Maybe I'm confused and you mean "actions that pattern match to actually paying money directly for murder", in which case it will just use a longer causal chain, or opaque companies that may-or-may-not-cause-murders will appear and trade with it.

If the ultimate patch is "don't take any action that allows unprincipled agents to exploit you for having your principles", then maybe there isn't any edge cases. I'm confused about how to define "exploit" though.

Replies from: daniel-kokotajlo
comment by Daniel Kokotajlo (daniel-kokotajlo) · 2023-06-29T16:15:04.276Z · LW(p) · GW(p)

Yeah, I'm thinking something like that ultimate patch would be good. For now, we could implement it with a simple classifier. Somewhere in my brain there is a subcircuit that hooks up to whatever I'm thinking about and classifies it as exploitation or non-exploitation; I just need to have a larger subcircuit that reviews actions I'm considering taking, and thinks about whether or not they are exploitation, and then only does them if they are unlikely to constitute exploitation.

A superintelligence with a deep understanding of how my brain works, or a human-level intelligence with access to an upload of my brain, would probably be able to find adversarial examples to my classifier, things that I'd genuinely think are non-exploitative but which by some 'better' definition of exploitation would still count as exploitative.

But maybe that's not a problem in practice, because yeah, I'm vulnerable to being hacked by a superintelligence, sue me. So are we all. Ditto for adversarial examples.

And this is just the first obvious implemention idea that comes to mind, I think there are probably better ones I could think of if I spent an hour on it.

comment by MichaelStJules · 2023-06-29T00:41:26.681Z · LW(p) · GW(p)
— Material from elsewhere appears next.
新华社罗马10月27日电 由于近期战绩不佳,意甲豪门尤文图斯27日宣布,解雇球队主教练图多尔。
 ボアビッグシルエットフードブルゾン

There's also a similar interesting argument here, but I don't think you get a money pump out of it either: https://rychappell.substack.com/p/a-new-paradox-of-deontology

comment by TAG · 2023-06-29T17:49:56.612Z · LW(p) · GW(p)
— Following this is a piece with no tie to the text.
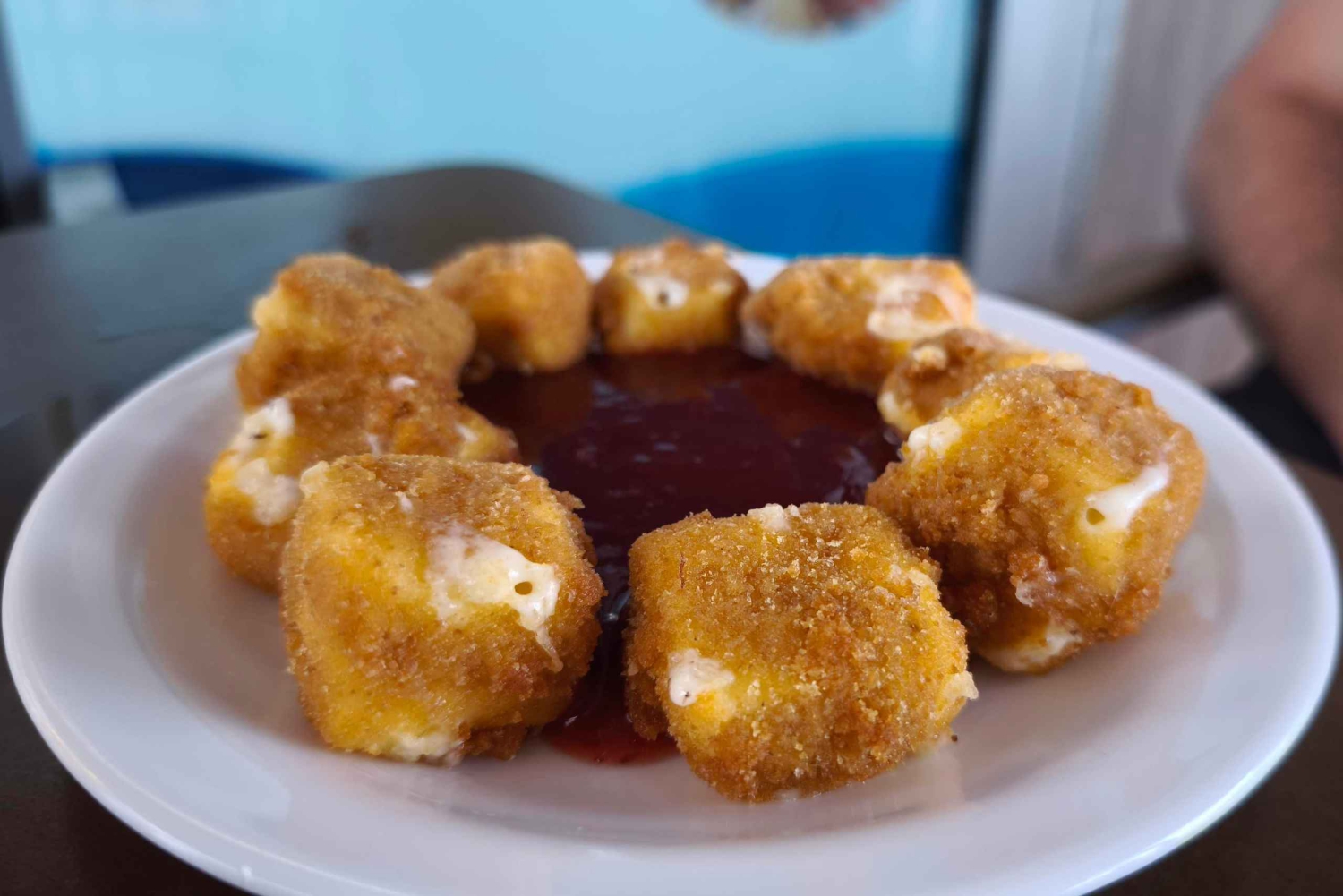 After landing, head to a local restaurant, a cozy spot buzzing with locals. Savor a curated platter: croquetas de queso (cheese croquettes), wrinkled potatoes with red/green mojo, fresh goat cheese from nearby farms, and grilled sardines. Pair your meal with a non-alcoholic welcome drink—add Canarian wine for €10 (minimum 3 people).

I dont know why everyone is so concerned about money pumping. People don't seem to have defenses against it, but it doesn't seem to affect any one very often either: even Ponzi and pyramid schemes aren't exactly money pumping circular preferences.

If it's cost free to have a consistent preference system that avoids money pumping, you should do it...but it isn't cost free...and it isn't your only problem. There are a gajillion other things that could kill or harm you, all of which could have their own costs. Evolution seems to have decided to put resources into other things

comment by quetzal_rainbow · 2023-06-29T06:18:22.109Z · LW(p) · GW(p)

One of the problem here is how this agent is realized. For example, let's suppose that your algorithm is "Range all possible actions by their expected utility. Take the highest action which doesn't involve killing with bare hands." Then you can select action "modify yourself into pure utilitarian", because it strictly increases your lifetime expected utility and doesn't involve killing with bare hands. Money-pump that depends on realization: I come to you and say "I cursed you: tomorrow you will kill someone with bare hands. Pay me an arbitrary amount of money to lift the curse." You listen to me because zero is not a probability and if it is, we came with multiple embedded agency problems.